口に出すのも憚られる穀潰しドラ息子なのかとも思ったが、聞いたセリフの中の『解放される』が違和感の塊だ。しかも、俺が元々知ってた情報では、此処の若様に嫁が嫁いでくるの、再来月なんだよな。でも此処の連中、式は数日以内とか言ってるの……何でだよ?
そういう訳で夜中、こっそりと屋敷の中を見回った。
そしたら、まぁ……なんか変な隠し部屋見つけて? 嫌な予感しかしない絵巻物見つけて? 本棚漁ってみたら上から桐箱が降ってきて? 中身を見たら、古〜い日記帳が数冊。几帳面な奴だったのか、名前が書いてある。社……誠志郎? 誰だ??
開いてみた。
『彼女が愛おしい。彼女が愛おしい。彼女が愛おしい。彼女が愛おしい。彼女が愛おしい。彼女が愛おしい。
手に入らないなら、食べ━━━━』
ヒィ! 怪文書!!
ちびりそうになったので、一旦外に出た。
ガッツリ……屋敷の塀を越えようとしている女と出会ったのは、その時だ。
珊瑚色の髪に同色の耳。そして白い尻尾という特徴を見て、長〜〜いため息が出てしまった。使用人では無い。
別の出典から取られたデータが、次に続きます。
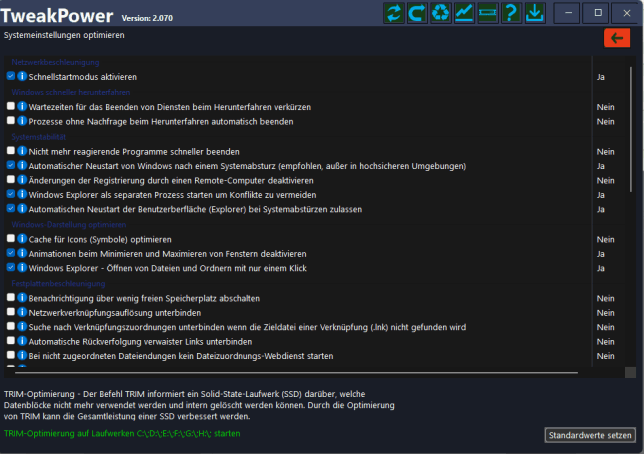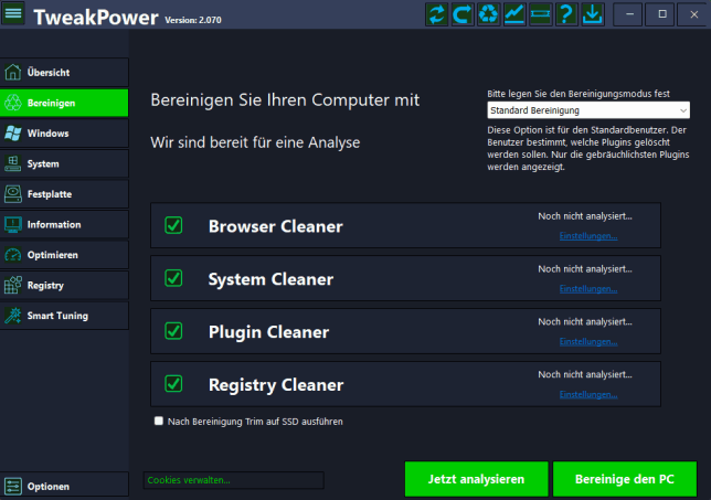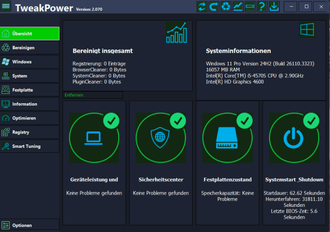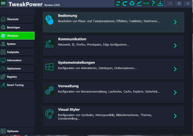 TweakPower bietet Ihnen zahlreiche Werkzeuge zum Optimieren von Windows. Alle Programmfunktionen von TweakPower sind unter einer ansprechenden Benutzeroberfläche zusammengefasst und leicht zugänglich. Die Software macht komplizierte Optimierungsvorgänge auch für unerfahrene Benutzer einfach. TweakPower bietet direkten Zugriff auf viele Systemeinstellungen und versteckte Optionen. Mit der Software tauscht man die System- und Desktop-Icons aus, optimiert die Netzwerkeigenschaften oder den Arbeitsspeicher. TweakPower kümmert sich zudem um Laufwerks- und Sicherheitseinstellungen. Auf Wunsch säubert das Programm die Festplatte, splittet oder verschlüsselt Dateien und löscht per Shredder Daten unwiderruflich.
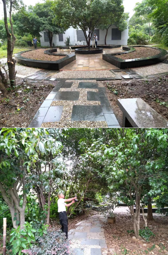 發(fā)現問題后,社區(qū)工作人員迅速行動,依托“掌上云社區(qū)”平臺定時推送信息、加強宣傳,提醒居民不要在花壇綠化出種植蔬菜,影響社區(qū)日常環(huán)境,給居民們造成困擾。隨后,社區(qū)工作人員組織專業(yè)人員立即清除了雜草和雜樹,并對裸露的黃土地區(qū)進行了綠化補植,撒種植草籽。7月12日,歷時兩天,該區(qū)域煥然一新,通過對樹木的修剪整理,不僅讓綠化植物煥發(fā)出勃勃生機,還使其形態(tài)更加美觀整齊,給人一種美感和和諧感。與此同時,修剪去枯枝敗葉和危險的枝條,有效消除了潛在的安全隱患,確保了行人和居民的安全。居民生活環(huán)境變得更加整潔、安全、有序,營造了良好舒適的宜居環(huán)境。

この家の狛犬一族の特徴である。
「……っかしぃなぁ? この家の娘は何年も前に死んでるはずなんだが?」
「み、見なかった事に━━」
「何をしている!」
やっべ! と思った時にはもう遅かった。
狛犬の家の当主と側近達に囲まれていて、目の前の女の顔が恐怖に染まるのを、確かに見た。
「やはり逃げるつもりだったか……地下に繋いでおけ」
「御意」
「嫌! 絶対に嫌! 止めてったら━━━━!!」
何番煎じですか? と問いたくなるような、美人が悪者(多分)に捕まる場面に、俺は辟易する。どうせこの後はお約束の展開でしょ? 俺も捕まえるんでしょ。
「ソイツも繋いでおけ。髪型が気に入らん」
「畏まりました」
「いや理由それ!?」
拙い現場に出会したのが理由じゃ無く!? 髪なのか!? この髪のせいなのか!? って変なとこ触んなスケベ野郎!